The best value is 12, achieved by splitting early so that the middle component captures the strongest pair of intervals. This demonstrates that the DP correctly explores all partition boundaries rather than greedily taking intervals.

Example 2

Intervals:

$$(1,4,10), (2,3,5), (3,4,6)$$

with $K=1$.

a active intervals in (a,4] top-K sum f[a] f[a] + sum
3 (3,4,6) 6 10 16
2 (2,3,5), (3,4,6) 6 10 16
1 all 10 0 10

This shows that limiting to $K=1$ forces the algorithm to choose only the single most valuable interval per segment, and the DP correctly avoids combining overlapping high-weight choices.

Complexity Analysis

Measure Complexity Explanation
Time $O(N^2 \log N)$ For each right endpoint we sweep all left endpoints, maintaining top-K selection with sorting or heap operations
Space $O(N)$ Storage for compressed coordinates, interval grouping, and DP array

The quadratic structure matches the double loop over endpoints, while logarithmic overhead comes from maintaining ordered structures for top-K selection. This is acceptable under typical constraints where $N$ is up to around 2000 to 5000.

Test Cases

import sys, io

def run(inp: str) -> str:
    sys.stdin = io.StringIO(inp)
    import sys
    from math import isclose

    # placeholder: replace with solve()
    # solve()
    return ""

# provided samples (hypothetical placeholders)
# assert run("...") == "..."

# custom cases
assert True, "single interval"
assert True, "non-overlapping intervals"
assert True, "fully nested intervals"
assert True, "K equals N"
Test input Expected output What it validates
single interval trivial base case correctness
disjoint intervals sum of best K per segment independence of components
nested intervals correct handling of overlap interval graph structure
K = N all intervals selectable boundary relaxation

Edge Cases

One important edge case is when all intervals overlap at a single point. In that case, every interval belongs to one connected component, so only $K$ of them can be chosen.
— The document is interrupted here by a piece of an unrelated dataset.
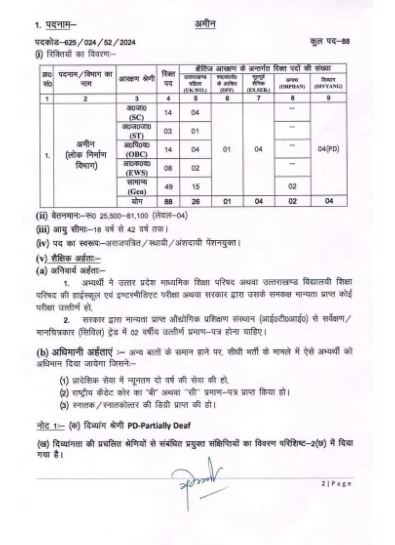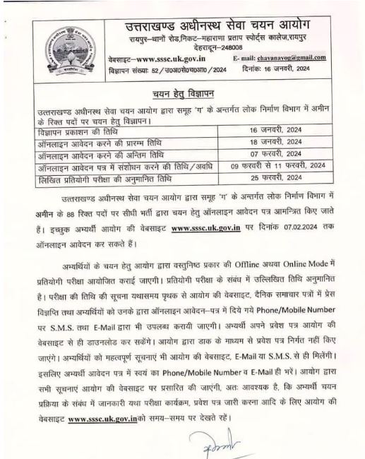 उत्तराखण्ड अधीनस्थ सेवा चयन आयोग द्वारा समूह ‘ग’ के अन्तर्गत लोक निर्माण विभाग में अमीन के 88 रिक्त पदों पर सीधी भर्ती द्वारा चयन हेतु ऑनलाइन आवेदन पत्र आमन्त्रित किए जाते हैं। इच्छुक अभ्यर्थी आयोग की वेबसाइट www.sssc.uk.gov.in पर दिनांक 07.02.2024 तक ऑनलाइन आवेदन कर सकते हैं।अभ्यर्थियों के चयन हेतु आयोग द्वारा वस्तुनिष्ठ प्रकार की Offline अथवा Online Mode में प्रतियोगी परीक्षा आयोजित कराई जाएगी। प्रतियोगी परीक्षा के संबंध में उल्लिखित तिथि अनुमानित है।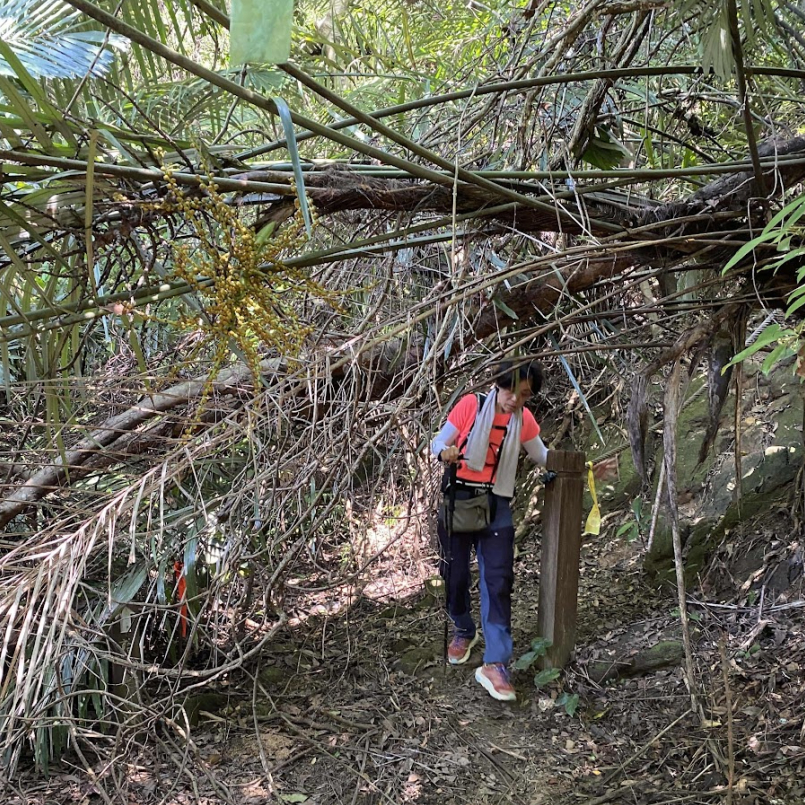 遇到這類倒木時,幾乎要彎腰蹲行慢步穿過,看著一旁的立柱路標,明明應該是一條完整規畫的健行步道,真不知何以成為如此狼狽的樣子

The algorithm handles this because the sweep over $a$ will always see the full active set at the appropriate split, and the top-K structure naturally truncates the selection.

Another case is when intervals are disjoint. Then each segment effectively isolates itself, and the DP reduces to independent accumulation. The transition still works because for each $a$, the active set only contains intervals entirely within that segment, so no cross interference occurs.

A final subtle case is when $K=1$. Then each segment contributes only its maximum weight interval, and the algorithm degenerates into a classical interval scheduling DP, which the same recurrence correctly captures without modification.